Re: Encoding Standard (was: RE: Encoding API exceptions) from Anne van Kesteren on 2014-11-10 (www-international@w3.org from October to December 2014)

From: Anne van Kesteren <annevk@annevk.nl>
Date: Mon, 10 Nov 2014 20:09:13 +0100
To: Shawn Steele <Shawn.Steele@microsoft.com>
Cc: "www-international@w3.org" <www-international@w3.org>
Message-ID: <CADnb78gFSVfWhj7ongnvXE3dYAS-Sts77K4B2tN0WkX5thoUNw@mail.gmail.com>

On Mon, Nov 10, 2014 at 7:46 PM, Shawn Steele
<Shawn.Steele@microsoft.com> wrote:
> That's unfortunate, however that's a good place for encoding work.

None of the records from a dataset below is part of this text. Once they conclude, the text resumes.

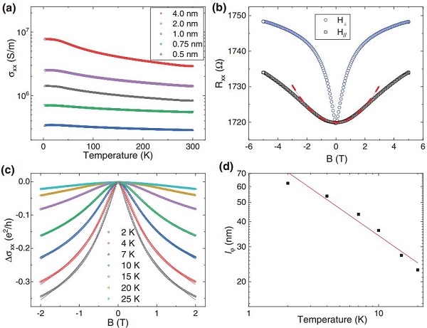 (c)PtTe2薄膜在H⊥和低温下的磁导,其中Δσxx=(L/Wt)/Rxx,L、W和t为PtTe2通道的长度、宽度和厚度;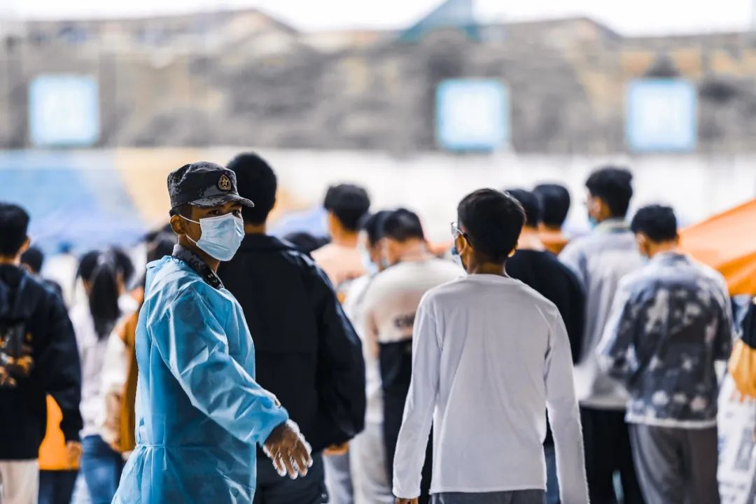 见“疫”勇为,展军人风采。我校本次疫情防控工作有两个特殊的群体,他们是承担我校大一新生军训任务的军训教官和校企合作的救援学员队伍。此次疫情,恰逢学校新生入学军训,军训开始仅几天便爆发疫情,所有军训教官留在学校参与到疫情防控工作中。教官们是退役军人,年龄基本在20岁出头,但军队生活的宝贵经历造就了他们强健的体魄和坚韧不拔的精神。在学校疫情防控工作中,这些散发着军人气质的教官是预检台老师的重要辅助力量,他们帮助操作错误的学生正确使用核酸检测程序,一丝不苟清点人数等。一次全员核酸检测需5-6个小时,在这期间,教官们穿着闷热的一次性防护装备从头站到尾,没有替补没有轮班,仍然没有一句抱怨。他们用热情和无私的爱助力学校疫情工作顺利开展,展现新时代军人风采。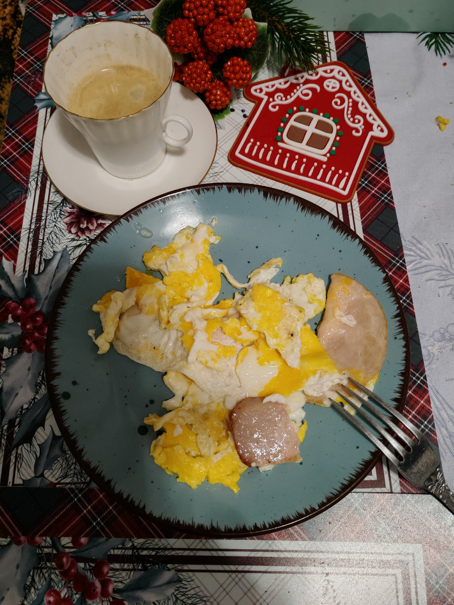 05.35 Мы вернулись. У меня неизменный чай с печенюшками, у собаки творог.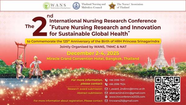 สภาการพยาบาล และ สมาคมพยาบาลแห่งประเทศไทย ในพระราชูปถัมภ์สมเด็จพระศรีนครินทราบรมราชชนนี ร่วมกับ World Academy of Nursing Science (WANS) จัดโครงการประชุมการวิจัยทางการพยาบาลนานาชาติ ครั้งที่ 2 เพื่อเฉลิมพระเกียรติครบรอบ 125 ปี วันคล้ายวันพระราชสมภพสมเด็จพระศรีนครินทราบรมราชชนนี และ ฉลองครบรอบ 40 ปีสภาการพยาบาล ในหัวข้อเรื่อง การวิจัยทางการพยาบาลและนวัตกรรมแห่งอนาคตเพื่อความยั่งยืนของสุขภาพโลก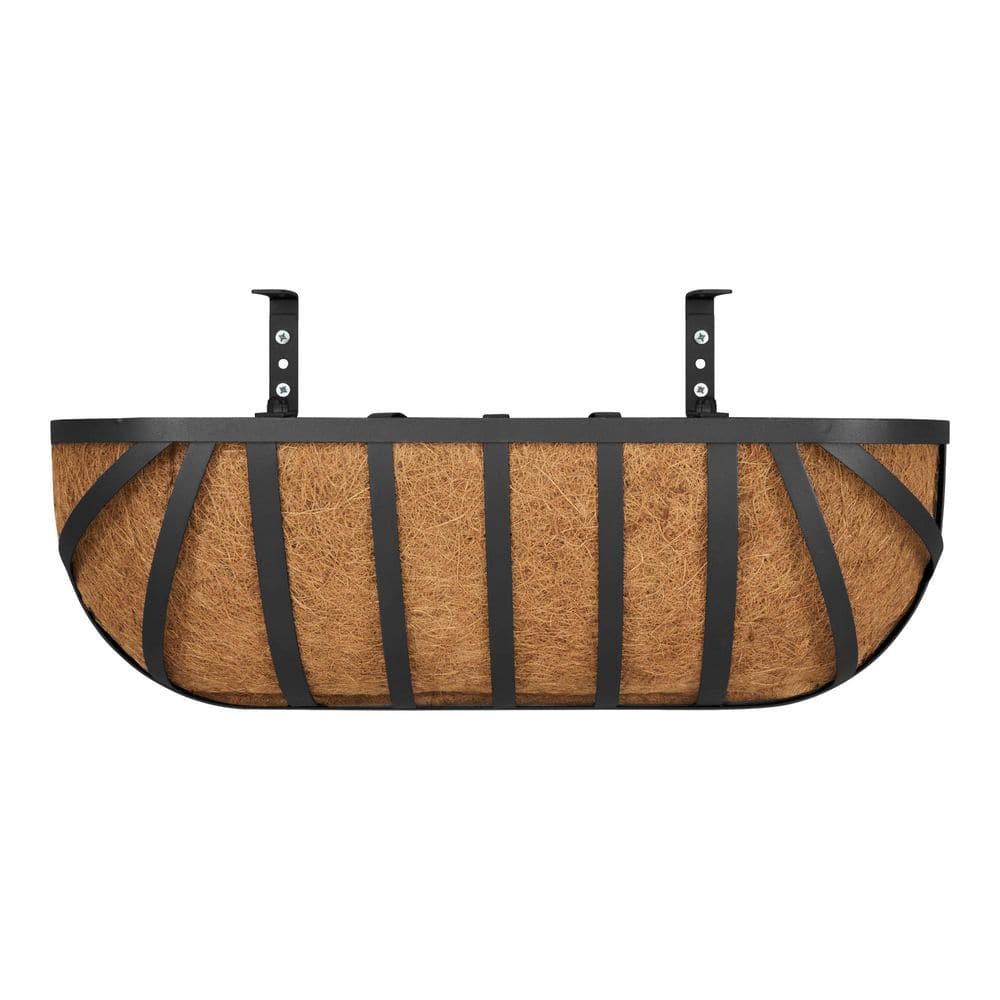 English Small Black Metal Trough Planter With Coco Liner (24 in. L X 7.5 in. W X 8 in. H) HD750030-001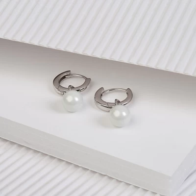 Deze zilveren damesoorbellen hebben een hanger met een imitatieparel.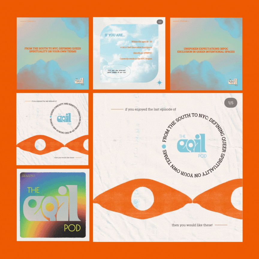 To create a fun yet personable logo to represent all that the EQIl Project already is and aims to be, this type based icon is blocky yet bubbly. EQIL would not have begun without the push for a space to be held for experiences that are often dismissed alongside intersectionality. This initiative began after my co-researcher and I noticed a gap within our community which in turn has turned into media projects that hold close to a “for us and by us” standard of accountability that our peers mentioned was needed for a physical and digital space. With a capitalized “Q” for our pride in Queerness and a nod to the very real immigrants behind EQIL with the “i”, this logo captures the very essence of the project.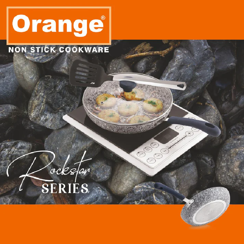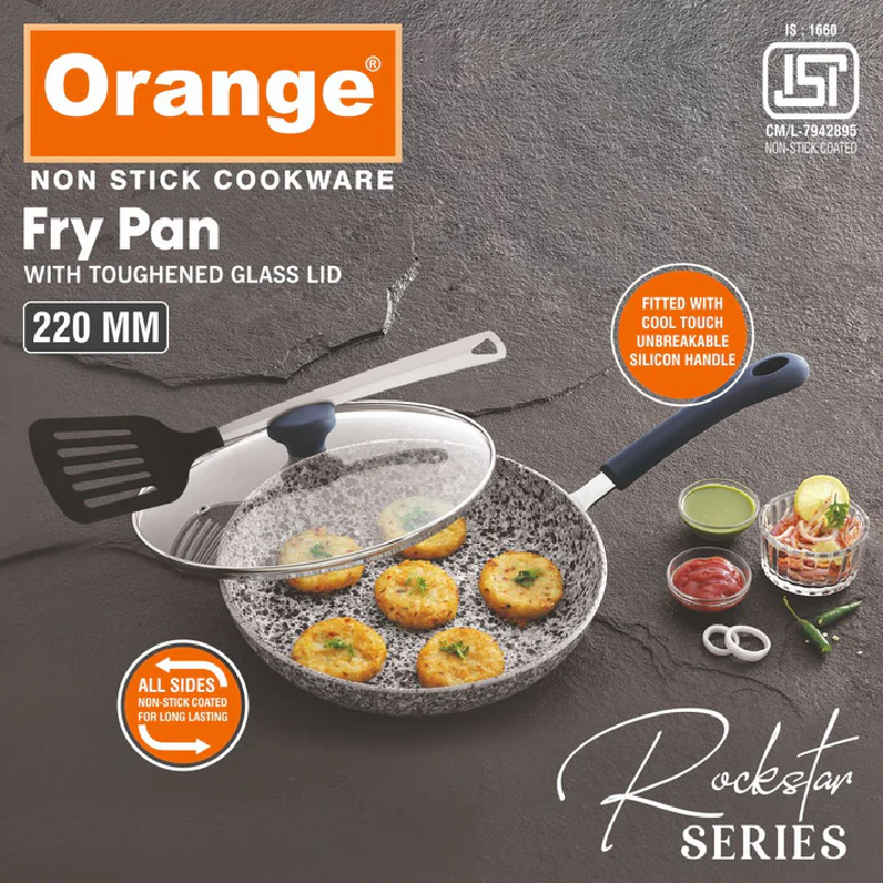 Be the first to review “Orange Non-Stick Fry Pan Stone Finish 24cm with Glass Lid Rockstar Series ONSC405” Cancel reply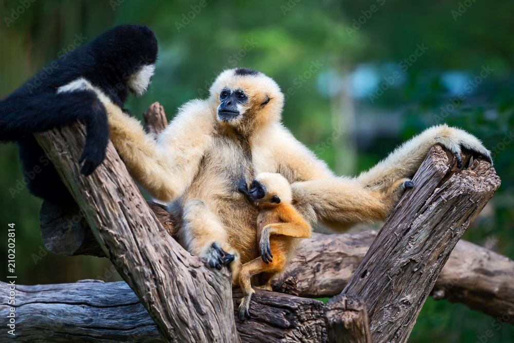 Carta da parati white cheeked gibbon or Lar gibbon.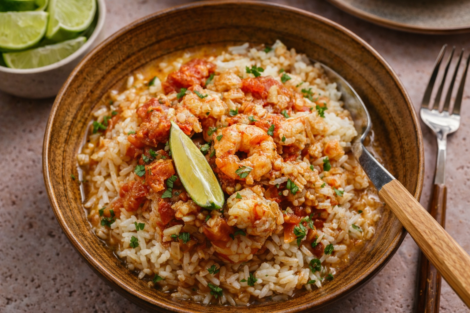 Tempere os camarões com sal e pimenta e regue com sumo de 1/2 limão.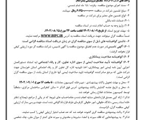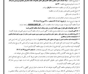 مناقصه شماره م ن/78/402موضوع مناقصه: طراحي، تهيه و تعويض لوله هاي آب شبكه زير زميني آتشنشاني واحد PVC شركت پتروشيمي بندرامام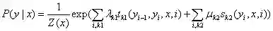 s为定义在节点上的特征函数,通常取值0或1,依赖于单个结点的状态,μ为其权重。s有时被称为状态特征。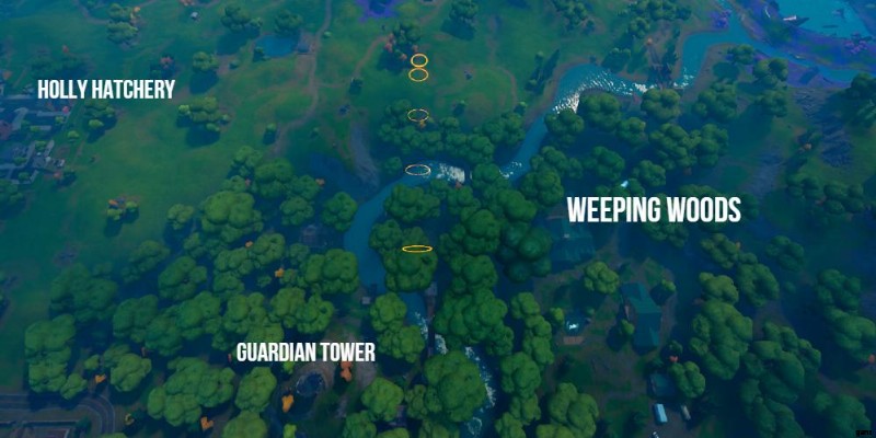 滑る5つのリングがあります。このクエストを完了する最善の方法は、最初にパーティー バスから飛び降りたときの試合開始時です。最初に行う必要があるのは、しだれの森の上に飛び出すことです。 下る途中で、Weeping Woods の上をホバリングし続けることを確認してください。近づくと、ウィーピング ウッズ ガーディアン タワーとウィーピング ウッズ キャンプ場の間のはるか上空にリングが浮かんでいることに気付くでしょう。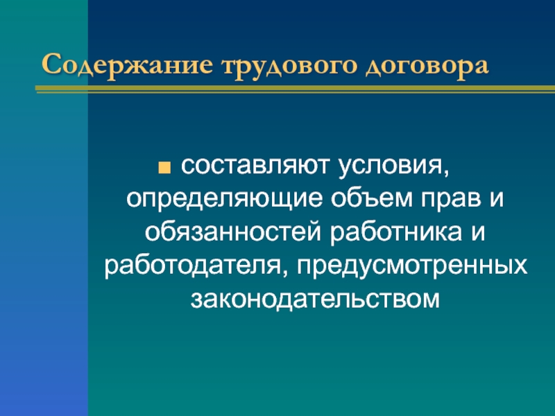 Слайд 4Содержание трудового договора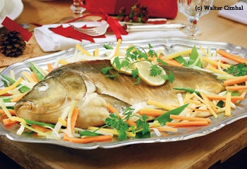 Weihnachtskarpfen mit Gemüse in der Folie gegart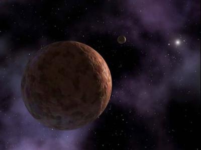 这是太阳系矮行星“塞娜”的艺术绘图,最远端是太阳,在太阳和塞娜之间是一个有待...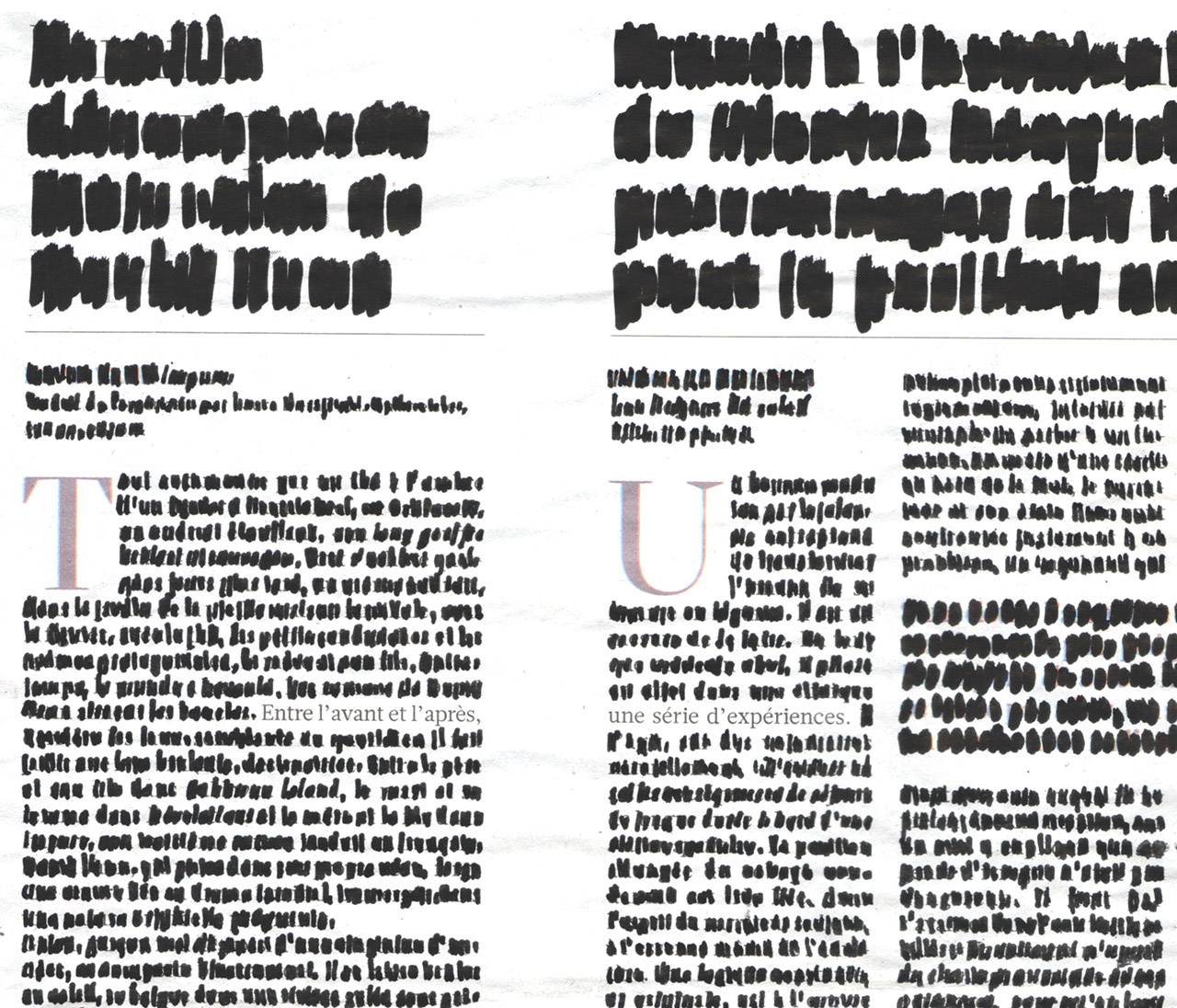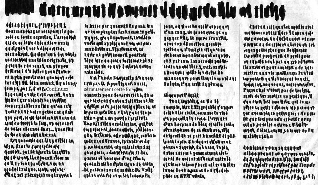 הפרויקט הבא שלה השתמש בביקורות ספרות בעיתונים. היא קראה טורים של ביקורת, וזיהתה משפטים לא צפויים במעבר מטור לטור – במקום לקרוא אנכית, טור אחר טור, כמו שמקובל בקריאת עיתונים, היא קראה אופקית, כמו בספרות. השורה קופצת מעל הרווח, אל השורה שמימינה. ״רציתי להוציא לאור את הסודות שנמצאים שם, נתונים למבט שלנו – אבל אנחנו לא מביטים בהם, לא מודעים להם. גיליתי שם שירה״.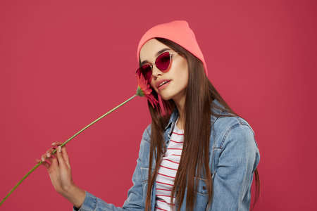 gorgeous brunette in pink hat red flower luxury isolated background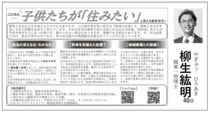柳生氏は観音寺市生まれ、広島県立大学経営学部卒業。東京コンサルティングファーム、福永会計事務所、ひょうご税理士法人、渡邊洋一税理士事務所を経て、2021年に五代会計事務所を開業。2024年の観音寺市議会議員補欠選挙に当選しました。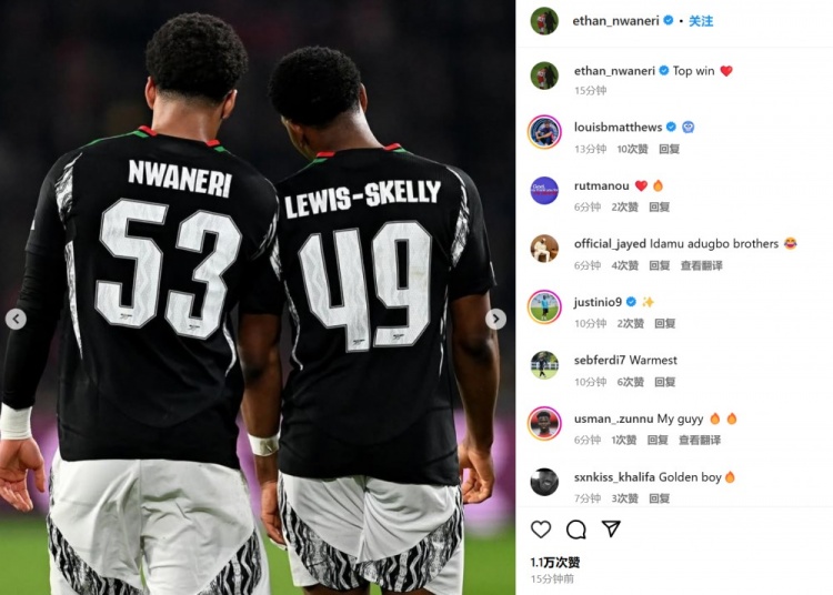 3月5日訊 阿森納在本輪歐冠客場7-1血洗埃因霍溫,兩位小將恩瓦內里和斯凱利表現出色。第21分鐘,阿森納禁區左側展開攻勢,斯凱利低平球傳中被擋了一下,前點恩瓦內里直接左腳抽射破門。兩人也都在社媒曬出了
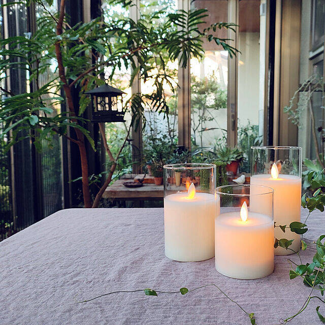 「ガラスだからすごくキレイなの」と、おっしゃるユーザーさんです。「LEDキャンドルライトセット」の本体は、ガラス製。ゆらゆらした光がクリアに美しく見えそうです。本物の蝋とガラスの組み合わせは、高級感もバッチリですね。夜の点灯風景に、癒されます。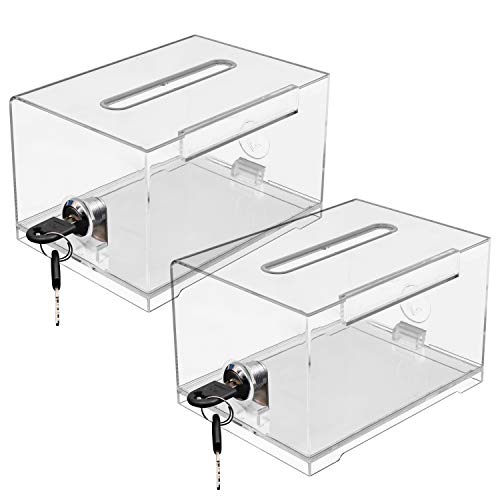 - PACK DE 2: Este pack de 2 cajas de sugerencias de acrílico con cerradura está perfectamente diseñado para mantener sus contenidos seguros. Cada caja mide 15,9cm de largo, 11,5cm de ancho y 10cm de alto. La ranura mide 10,16cm de largo y tiene un ancho de 1cm.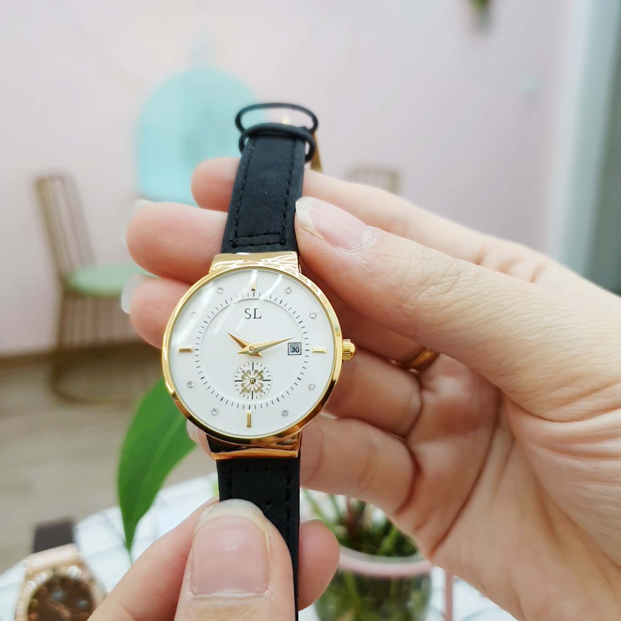 Đồng hồ nữ SL kiểu dáng thương hiệu Thụy Sĩ cao cấp với KIM RỐN độc đáo (kim giây góc 6h)

In my experience, not at all. WHATWG and the i18n WG have been much
more receptive and helpful in addressing the problems I sought out to
solve. And I communicated that set of problems to all three audiences
equally.

>> 0x81 0x22 needs to become U+FFFD U+0022 as otherwise you'll expose resources to XSS.
>
> I don't follow this exactly...  Sure, you might end up with an unexpected ", breaking the HTML, however any XSS security checks should happen (perhaps again) AFTER conversion from code pages, as code page conversion can (as this example demonstrates) mangle the input data stream.  IMO fixing code pages may be a nice security robustness type thing, but anything that gets converted should be suspect and revalidated.

Should happen, sure. They don't however, and that browsers with
decoders that do not conform to the Encoding Standard put their users
at XSS risk. Or a similar kind of injection attack. E.g. if you can
control a field of some JSON through a URL you could load the JSON
through a <script> and get some of the user's data out by executing a
function of sorts due to JSON being decoded in a different way from
how the server expected it to.

-- 
https://annevankesteren.nl/

Received on Monday, 10 November 2014 19:09:41 UTC